Some highlights in my collection include a 1677 First edition John Owen Justification by Faith, in the original binding, pretty much in mint condition. I also have another copy in mint condition that has been rebound. I have a first edition of Indwelling Sin by Owen as well; I believe it is in the link that shows pictures of MOST of my collection.
I have received 5-6 books since I posted those pictures, so I will have to add those later. Anyone collect? Anyone have any of the same books I own? My newest acquisition is a first edition, UNBOUND, of The Death of Death in the Death of Christ by John Owen, from 1650. It has a signature of “John Brown” on the top, and I am in the middle of trying to get that signature identified, to see if it is John Brown of Haddington’s….
Enjoy!!

https://www.facebook.com/media/set/?set=a.10100367607413610.2973317.1952460&l=35360a1a98


----------



## Joseph Scibbe (Jul 15, 2011)

I have a 1917 Swedish Bible, a 1931 Bondage of the Will, and a 1918 Soldiers Bible.


----------



## Wayne (Jul 15, 2011)

My only purchasing really is on behalf of the PCA Historical Center. I'm working at building a research library to augment the collections here.
So the purchases cover all aspects of American Presbyterianism, and many of the purchases are at least nineteenth century and some eighteenth.
Mostly my budget [everyone join me in a big laugh here] won't allow too much [read "any"] eighteenth century stuff. And because the PCA arose out of the old Southern Presbyterian denomination,
there is a focus on things from that denom. The Reformed Presbyterians are another focus in what I look for. One select accession a few years back was a leather bound copy of five or six works by Alexander McLeod.


----------



## T.A.G. (Jul 15, 2011)

My wife and I have a book of Spurgeon's sermons which is signed by Mrs. Spurgeon


----------



## Constantlyreforming (Jul 15, 2011)

T.A.G. said:


> My wife and I have a book of Spurgeon's sermons which is signed by Mrs. Spurgeon


 
cool!


----------



## Fly Caster (Jul 15, 2011)

Sounds cool, but my budget constrains me to stuff I can find on sale.

Hopefully I have a few that will stay in the family long enough to become antiques.


----------



## Constantlyreforming (Jul 15, 2011)

Here are some more pictures:

Joseph Allein’s Alarm to the Unconverted, 1822 I believe….












---------- Post added at 12:14 PM ---------- Previous post was at 12:13 PM ----------

Elisha Coles, A Practical Discourse on God's Sovereignty, 1845 (THere are so many editions/reprints of this...this is the newest I have...i have several from the 1800s and 1700s)











---------- Post added at 12:15 PM ---------- Previous post was at 12:14 PM ----------

Elisha Coles, Dictionary from Latin to English....1672











---------- Post added at 12:17 PM ---------- Previous post was at 12:15 PM ----------

This one is on the way....John Owen, The True Nature of A Gospel Church and its Government

1688, first edition. On its way from South Africa.

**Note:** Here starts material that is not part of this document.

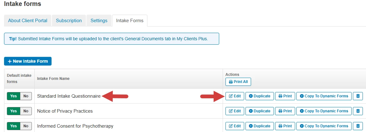 Edit Existing Intake Forms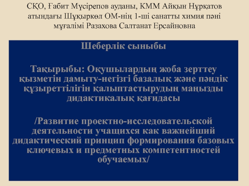Тақырыбы: Оқушылардың жоба зерттеу қызметін дамыту-негізгі базалық және пәндік құзыреттілігін қалыптастырудың маңызды дидактикалық қағидасы

---------- Post added at 12:18 PM ---------- Previous post was at 12:17 PM ----------

another of Alarm to the Unconverted by Joseph Allein (gave this one away last week though, so technically not mine)

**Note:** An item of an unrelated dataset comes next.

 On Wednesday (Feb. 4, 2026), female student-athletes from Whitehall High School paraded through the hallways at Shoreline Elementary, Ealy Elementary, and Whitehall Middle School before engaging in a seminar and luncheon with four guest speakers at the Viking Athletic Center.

---------- Post added at 12:18 PM ---------- Previous post was at 12:18 PM ----------

Here is the inside of Justification By Faith, First Edition by John Owen, 1677.






---------- Post added at 12:20 PM ---------- Previous post was at 12:18 PM ----------

Nature of Indwelling Sin by John Owen, 1668, 1st Edition (likely rebound in late 1700s, early 1800s)











---------- Post added at 12:21 PM ---------- Previous post was at 12:20 PM ----------




Fly Caster said:


> Sounds cool, but my budget constrains me to stuff I can find on sale.
> 
> Hopefully I have a few that will stay in the family long enough to become antiques.



Many (not most, but many) of the books I have shown here are out of print, and I purchased for less than what it would cost to buy a new copy if they were available. For instance, the Joseph Allein books were under $35 each including shipping.


----------



## Pilgrim (Jul 15, 2011)

I don't have any books that are that old. You've usually got to have a very large book budget to buy books that old. Either that or get them at estate sales, etc. where they don't know what they have. I've thought of going to a few of the latter if I know beforehand they have books. 

The oldest one in my library may be a Presbyterian book entitled _The Great Baptizer: __The Bible History of Baptism_ by Samuel J. Baird. The copyright is 1882. If this copy isn't quite that old, I think it probably still dates from no later than about the turn of the 20th Century. (If Wayne knows anything about the author, I'd much obliged.  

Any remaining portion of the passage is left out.